## How to complete this task
Your copy begins at the line with "而当服务的总个数比较少的时候" and runs through the end of the data below. Set down only those lines exactly, without pictures.

START Records provided

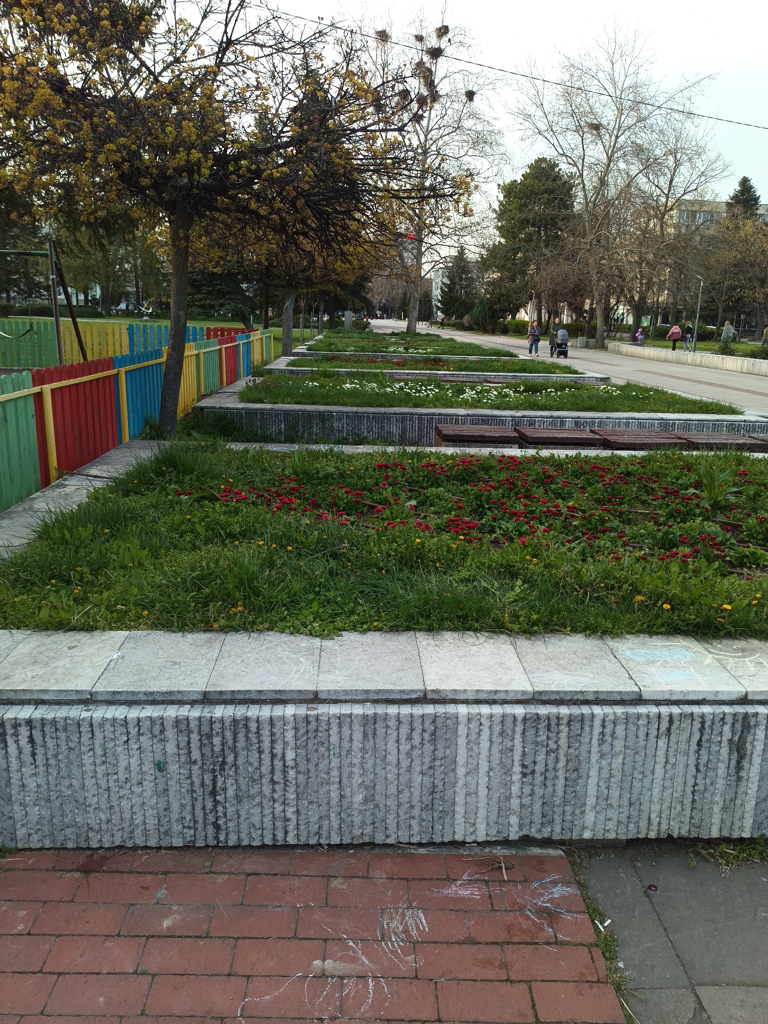 The image depicts a street scene in Targovishte, Bulgaria, featuring a series of elevated flower beds along a pedestrian walkway. The flower beds are constructed with a gray, textured concrete base an…read more
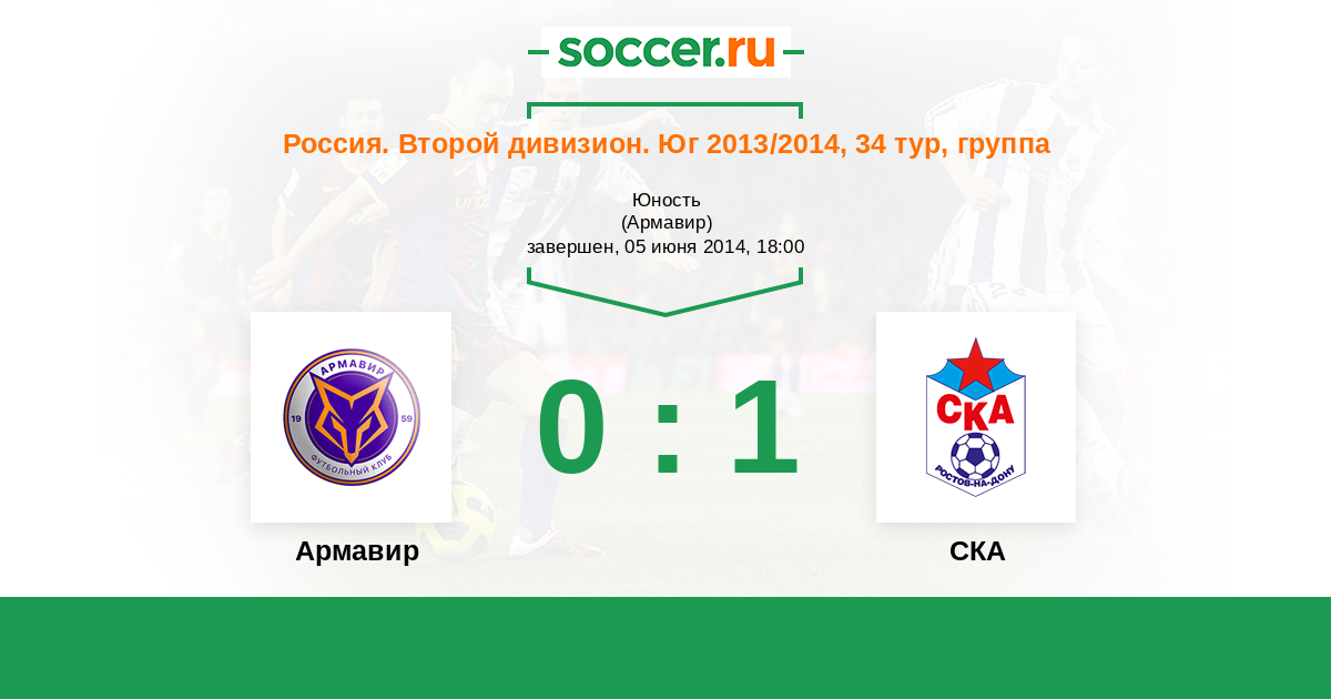 Россия. Вторая лига. Группа 1 14.05.2017 СКА Логотип футбольный клуб СКА (Ростов-на-Дону) 0:1 Логотип футбольный клуб Армавир Армавир
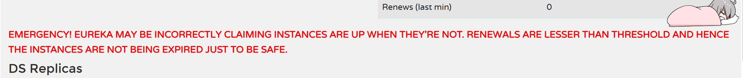 而当服务的总个数比较少的时候(比如1个2个),当出现个别服务超时时,续约成功的服务与总的服务数量的比值总会小于85%的阈值,这时所有的服务都会触发服务自保,不会被剔除。这时我们可以在注册中心发现这样一个警告:
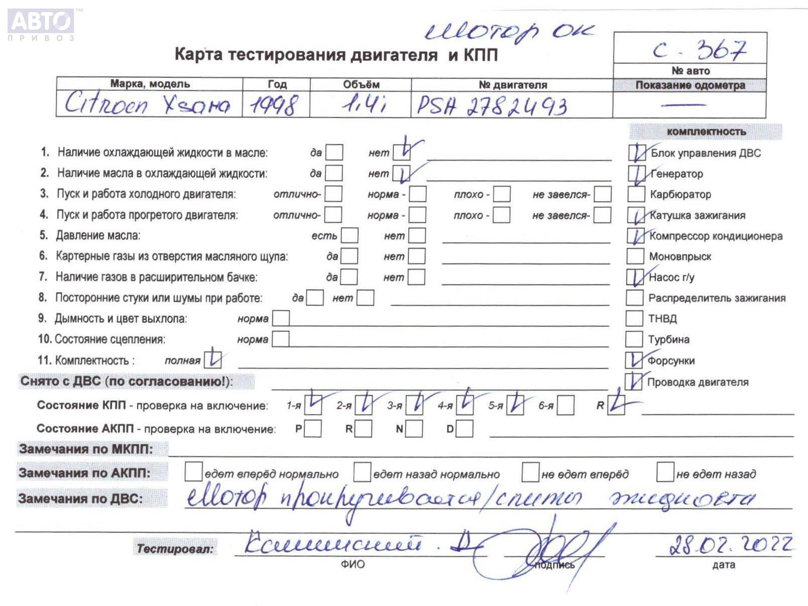 | Марка / Модель / Год: | Citroen Xsara 1998 |
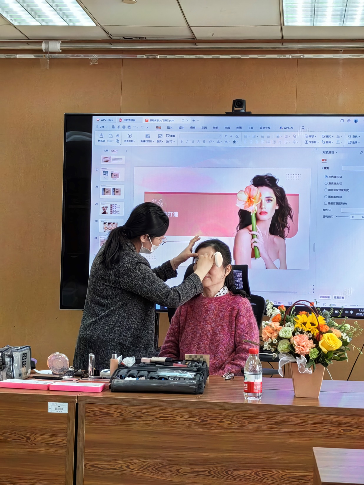 “眼妆是职业妆容的灵魂之笔”“底妆清透才能展现专业感”“眉形与脸型的适配是关键”吕行老师金句频出,现场教职工纷纷拿起手机记录要点,更有老师主动上台担任模特,通过“素颜改妆”环节直观感受妆容对个人气质的提升效果。短短15分钟,模特妆容的转变,引得全场赞叹连连。

END Records provided

## Exercise response
 而当服务的总个数比较少的时候(比如1个2个),当出现个别服务超时时,续约成功的服务与总的服务数量的比值总会小于85%的阈值,这时所有的服务都会触发服务自保,不会被剔除。这时我们可以在注册中心发现这样一个警告:
 | Марка / Модель / Год: | Citroen Xsara 1998 |
 “眼妆是职业妆容的灵魂之笔”“底妆清透才能展现专业感”“眉形与脸型的适配是关键”吕行老师金句频出,现场教职工纷纷拿起手机记录要点,更有老师主动上台担任模特,通过“素颜改妆”环节直观感受妆容对个人气质的提升效果。短短15分钟,模特妆容的转变,引得全场赞叹连连。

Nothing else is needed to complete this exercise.